**DATA PROVIDED**
Segment Open
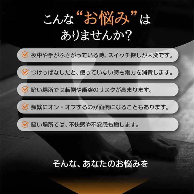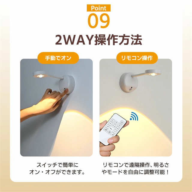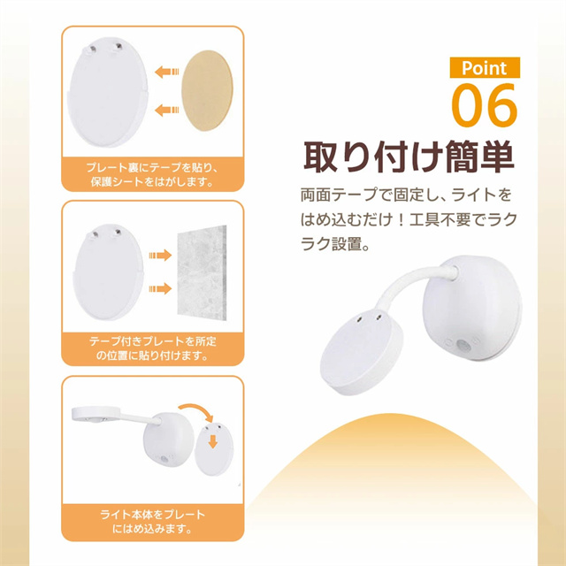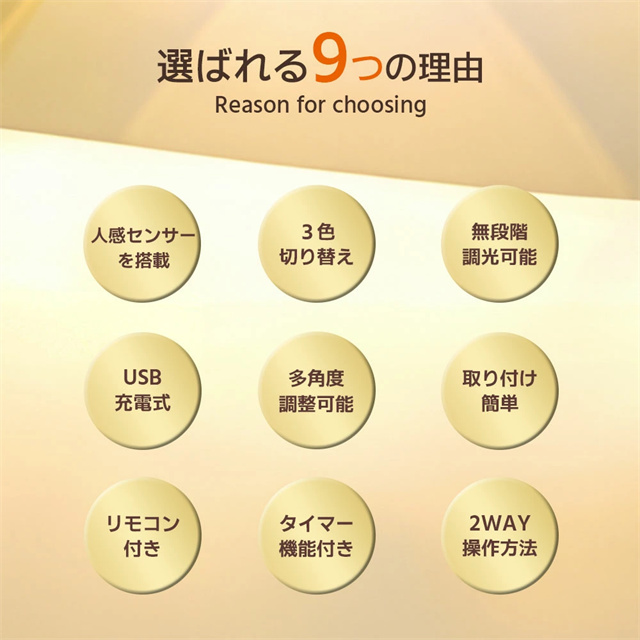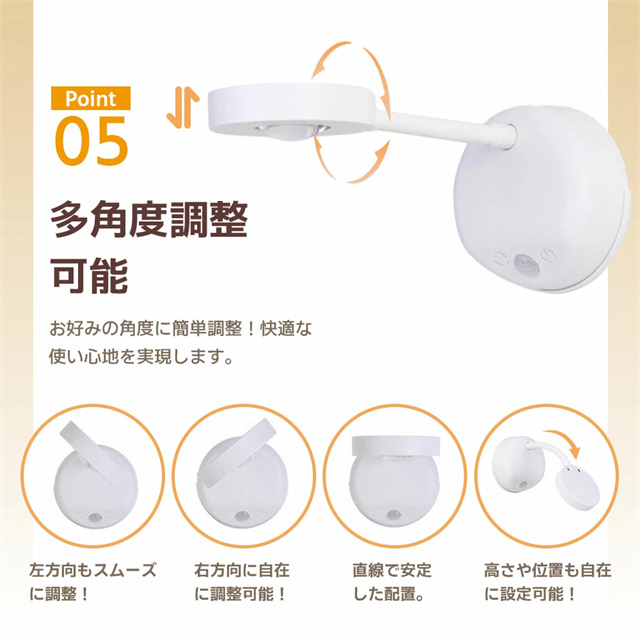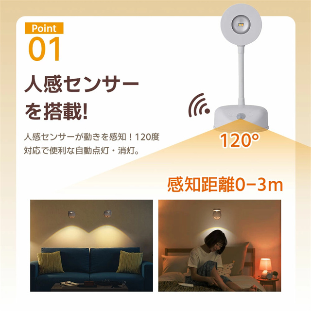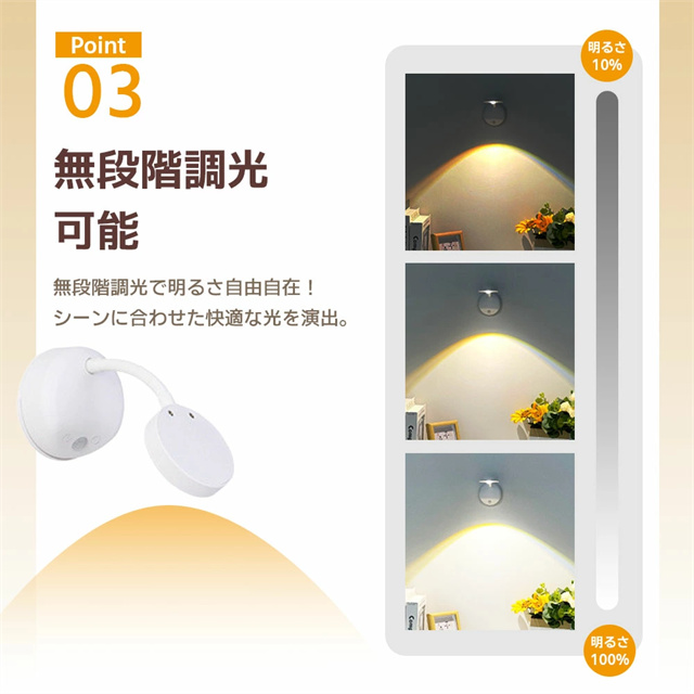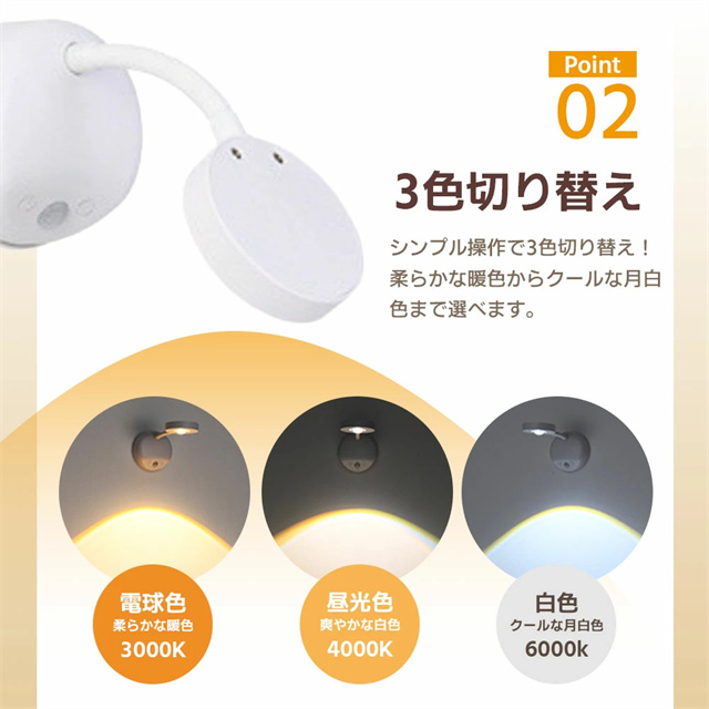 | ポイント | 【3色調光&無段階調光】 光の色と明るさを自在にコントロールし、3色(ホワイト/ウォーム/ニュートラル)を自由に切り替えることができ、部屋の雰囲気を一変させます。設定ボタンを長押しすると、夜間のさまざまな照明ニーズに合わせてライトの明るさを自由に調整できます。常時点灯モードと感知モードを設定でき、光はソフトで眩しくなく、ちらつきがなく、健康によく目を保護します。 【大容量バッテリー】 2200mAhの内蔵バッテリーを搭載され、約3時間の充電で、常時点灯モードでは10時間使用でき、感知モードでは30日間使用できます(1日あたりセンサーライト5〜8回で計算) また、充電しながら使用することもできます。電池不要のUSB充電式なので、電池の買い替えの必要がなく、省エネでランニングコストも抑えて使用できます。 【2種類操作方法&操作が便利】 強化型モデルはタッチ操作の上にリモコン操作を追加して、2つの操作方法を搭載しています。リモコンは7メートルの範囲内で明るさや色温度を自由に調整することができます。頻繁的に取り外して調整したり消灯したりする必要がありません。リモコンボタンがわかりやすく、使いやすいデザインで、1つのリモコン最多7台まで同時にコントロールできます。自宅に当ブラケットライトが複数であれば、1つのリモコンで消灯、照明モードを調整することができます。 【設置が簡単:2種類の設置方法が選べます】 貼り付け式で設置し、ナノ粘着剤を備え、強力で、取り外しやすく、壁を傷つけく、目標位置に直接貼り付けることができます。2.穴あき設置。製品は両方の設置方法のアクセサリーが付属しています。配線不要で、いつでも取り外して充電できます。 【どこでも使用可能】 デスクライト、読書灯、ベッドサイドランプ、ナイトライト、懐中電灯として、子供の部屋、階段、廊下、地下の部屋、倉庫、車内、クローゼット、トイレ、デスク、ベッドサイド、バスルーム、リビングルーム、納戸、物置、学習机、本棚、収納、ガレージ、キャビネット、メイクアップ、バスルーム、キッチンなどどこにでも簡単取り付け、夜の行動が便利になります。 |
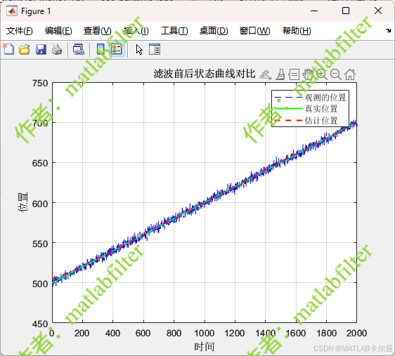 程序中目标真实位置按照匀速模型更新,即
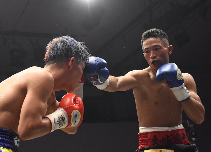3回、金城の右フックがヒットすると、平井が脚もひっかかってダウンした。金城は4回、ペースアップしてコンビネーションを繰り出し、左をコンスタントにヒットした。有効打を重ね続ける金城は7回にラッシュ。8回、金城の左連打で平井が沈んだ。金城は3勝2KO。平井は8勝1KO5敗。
Segment Closed
Segment Open
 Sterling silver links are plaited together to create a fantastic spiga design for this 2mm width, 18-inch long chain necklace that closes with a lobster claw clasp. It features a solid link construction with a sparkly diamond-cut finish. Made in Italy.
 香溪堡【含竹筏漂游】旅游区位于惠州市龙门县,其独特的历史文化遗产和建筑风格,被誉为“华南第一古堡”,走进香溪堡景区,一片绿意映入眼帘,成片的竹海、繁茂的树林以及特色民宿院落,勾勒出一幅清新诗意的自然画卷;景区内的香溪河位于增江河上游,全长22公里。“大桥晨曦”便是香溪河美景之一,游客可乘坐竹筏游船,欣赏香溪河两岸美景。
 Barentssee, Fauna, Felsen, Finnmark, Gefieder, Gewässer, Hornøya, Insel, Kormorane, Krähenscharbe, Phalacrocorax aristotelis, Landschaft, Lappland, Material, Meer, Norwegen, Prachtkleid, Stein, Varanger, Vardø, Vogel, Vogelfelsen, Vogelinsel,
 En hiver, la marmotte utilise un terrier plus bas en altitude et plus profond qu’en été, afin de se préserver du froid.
Segment Closed
Segment Open
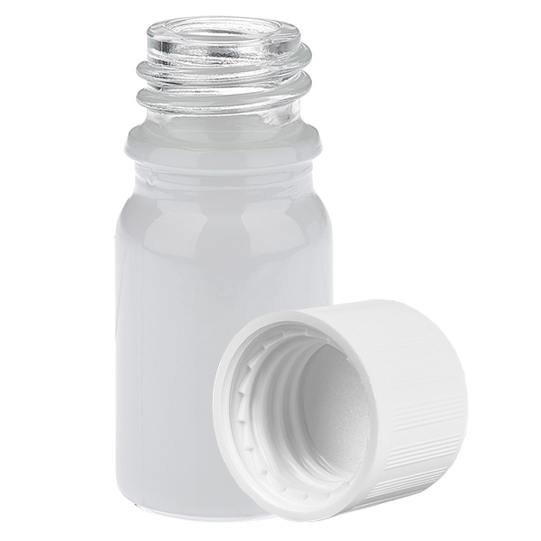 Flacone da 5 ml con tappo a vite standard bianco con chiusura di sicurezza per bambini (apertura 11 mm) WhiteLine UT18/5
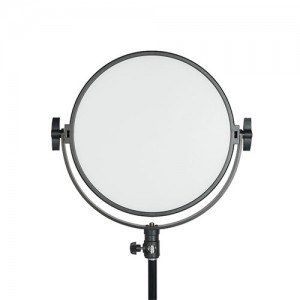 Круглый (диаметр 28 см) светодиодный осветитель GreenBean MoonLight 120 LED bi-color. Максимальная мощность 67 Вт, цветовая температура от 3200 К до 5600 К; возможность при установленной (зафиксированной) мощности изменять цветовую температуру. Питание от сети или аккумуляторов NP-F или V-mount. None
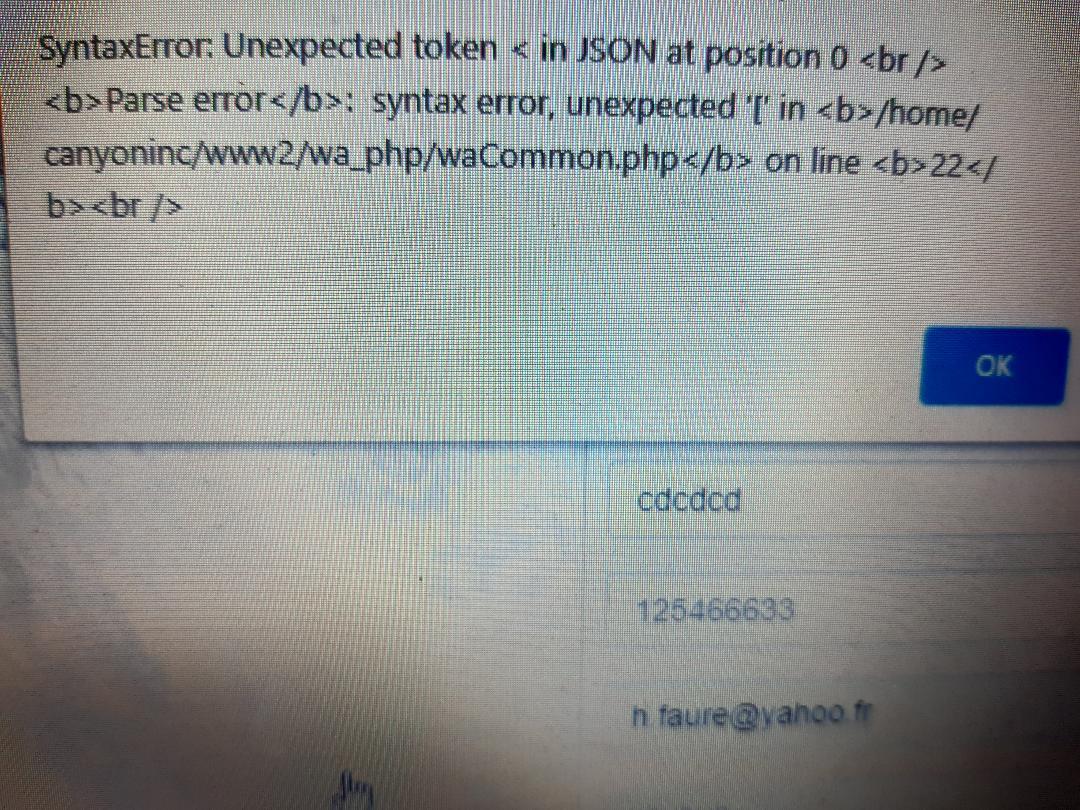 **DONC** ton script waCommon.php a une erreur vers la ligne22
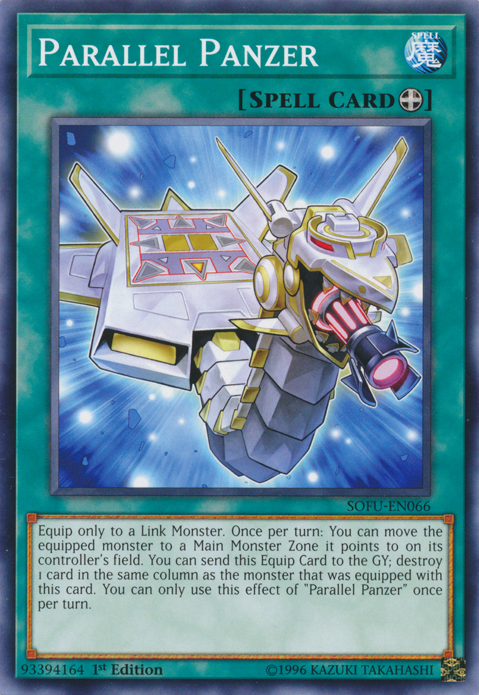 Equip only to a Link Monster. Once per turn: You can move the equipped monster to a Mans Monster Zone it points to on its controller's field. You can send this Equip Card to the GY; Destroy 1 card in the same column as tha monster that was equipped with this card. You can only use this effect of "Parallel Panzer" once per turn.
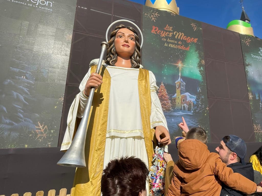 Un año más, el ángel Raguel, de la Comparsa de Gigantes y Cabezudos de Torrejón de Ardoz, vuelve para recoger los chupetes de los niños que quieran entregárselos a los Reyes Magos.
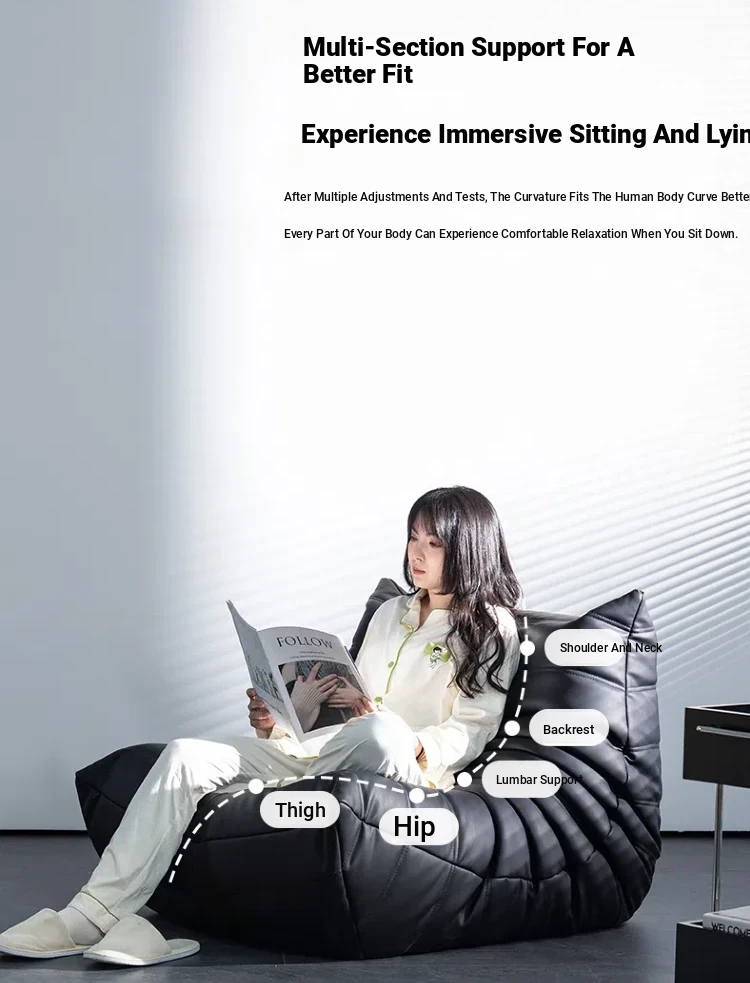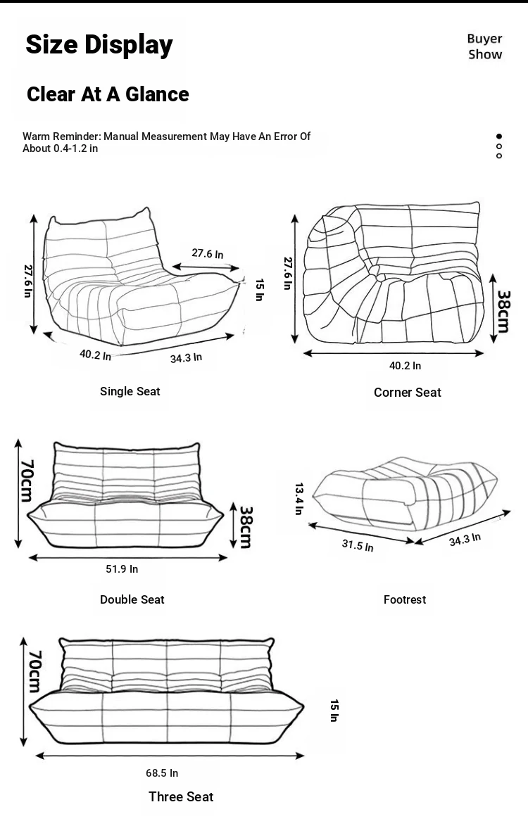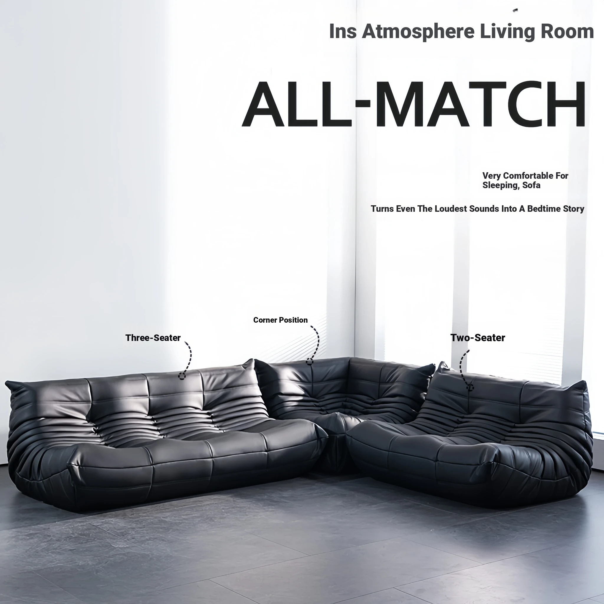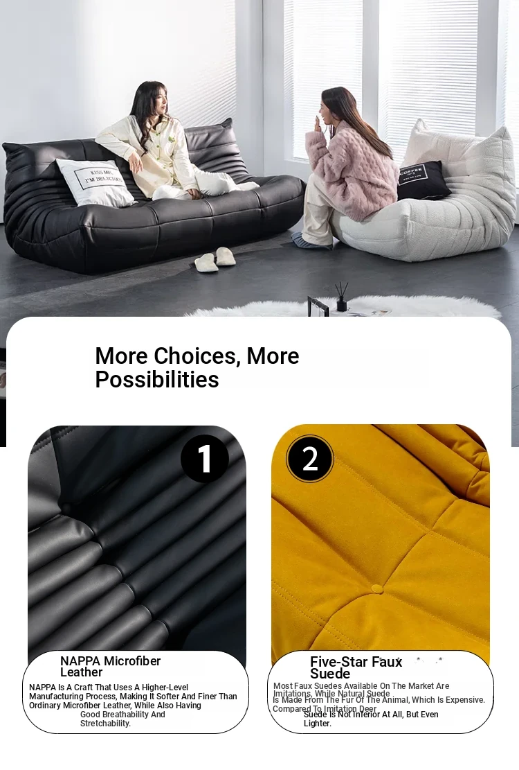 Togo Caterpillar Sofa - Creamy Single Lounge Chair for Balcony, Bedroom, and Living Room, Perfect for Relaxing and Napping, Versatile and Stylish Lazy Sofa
Segment Closed
**PROBLEM STATEMENT**
For this exercise, repeat exactly the lines of the data above from the one with "香溪堡【含竹筏漂游】旅游区位" down to the one with "En hiver, la", both end lines included.

**EXERCISE OUTPUT**
 香溪堡【含竹筏漂游】旅游区位于惠州市龙门县,其独特的历史文化遗产和建筑风格,被誉为“华南第一古堡”,走进香溪堡景区,一片绿意映入眼帘,成片的竹海、繁茂的树林以及特色民宿院落,勾勒出一幅清新诗意的自然画卷;景区内的香溪河位于增江河上游,全长22公里。“大桥晨曦”便是香溪河美景之一,游客可乘坐竹筏游船,欣赏香溪河两岸美景。
 Barentssee, Fauna, Felsen, Finnmark, Gefieder, Gewässer, Hornøya, Insel, Kormorane, Krähenscharbe, Phalacrocorax aristotelis, Landschaft, Lappland, Material, Meer, Norwegen, Prachtkleid, Stein, Varanger, Vardø, Vogel, Vogelfelsen, Vogelinsel,
 En hiver, la marmotte utilise un terrier plus bas en altitude et plus profond qu’en été, afin de se préserver du froid.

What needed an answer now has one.